[The People Of The Mist by H. Rider Haggard]@TWC D-Link bookThe People Of The Mist CHAPTER XXIV 15/22
This being the custom, as may be imagined, the relations between church and state were much strained, but hitherto, as Olfan explained with suppressed rage, the church had been supreme. Indeed, the king for the time being was only its mouthpiece, or executive officer.
He led the armies, but the superstitions of the people, and even of the soldiers themselves, prevented him from wielding any real power; and, unless he chanced to die naturally, his end was nearly always the same: to be sacrificed when the seasons were bad or "Jal was angry." The country was large but sparsely populated, the fighting men numbered not more than four thousand, of whom about half lived in the great city, the rest occupying villages here and there on the mountain slopes.
As a rule the people were monogamous, except the priests.

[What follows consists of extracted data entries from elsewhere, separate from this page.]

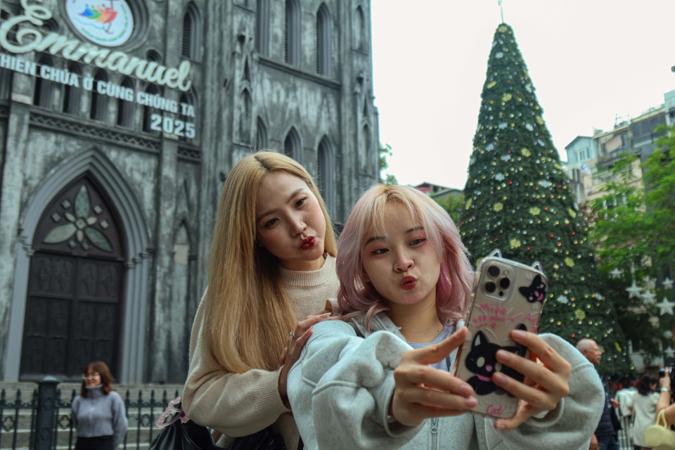 Nhiều bạn trẻ thích thú ghé thăm, chụp hình trước Nhà thờ Lớn và chia sẻ cảm xúc hào hứng, niềm vui khi hòa mình vào không khí Giáng sinh đang lan tỏa khắp Thủ đô. (Ảnh: Nhật Minh/Vietnam+)
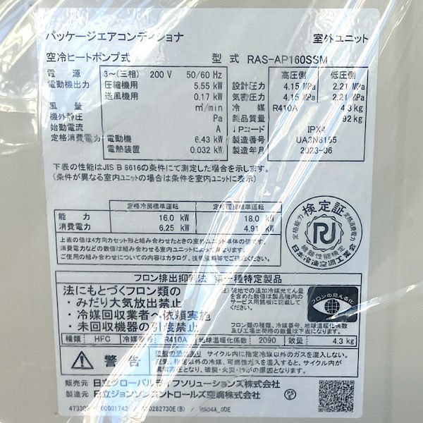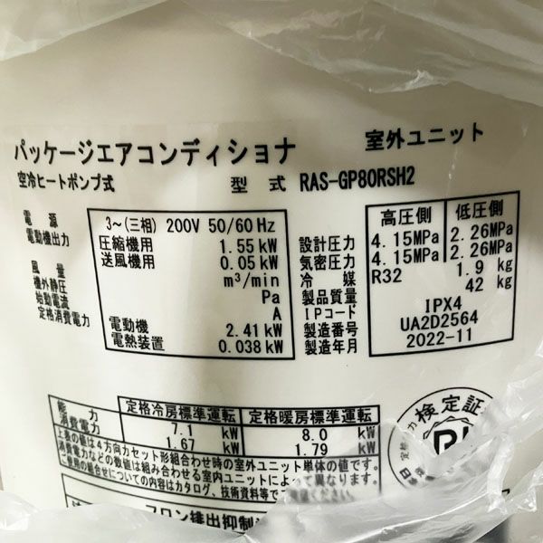 他の画像を見る 日立 パッケージエアコン 天埋め型 3馬力 RPI-GP80K3/RAS-GP80RSH2 三相200V 2022年製 業務用エアコン 大阪店 引取限定! 未使用品(AA) 販売価格 ¥ 165,000 税込 カートに入れる お気に入りに登録する
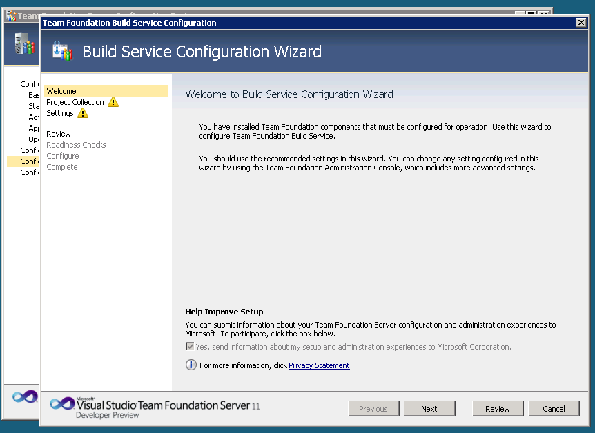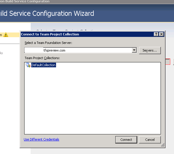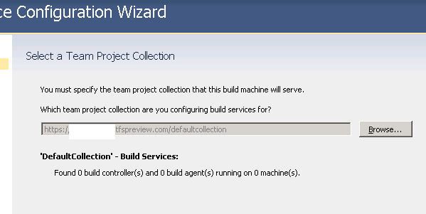 Once you hit the welcome page, click “Next” ton configure your Build Service installation. On the second page you’ll have to select your Team Collection, you do this in much the same way as from Team Explorer (refer to Part 2 for details).

It was the custom of sacrifice which kept down the population to its low level, made the power of the priests absolute, and their wealth greater than that of all the other inhabitants of the country put together, for they chose the victims that had offended against Jal or against the mother-goddess, and confiscated their possessions to "the service of the temple." Thus the great herds of half-wild cattle which the travellers had seen on the plains belonged to the priests, and the priests took a fourth of the produce of every man's field and garden--that is, when they did not take it all, and his life with it. Twice in every year great festivals were held in the temple of Jal, at the beginning of the spring season and in the autumn after the ingathering of the crops.
At each of these festivals many victims were offered in sacrifice, some upon the stone and some by being hurled into the boiling pool beneath the statue, there to be consumed by the Snake or swept down the secret course of the underground river.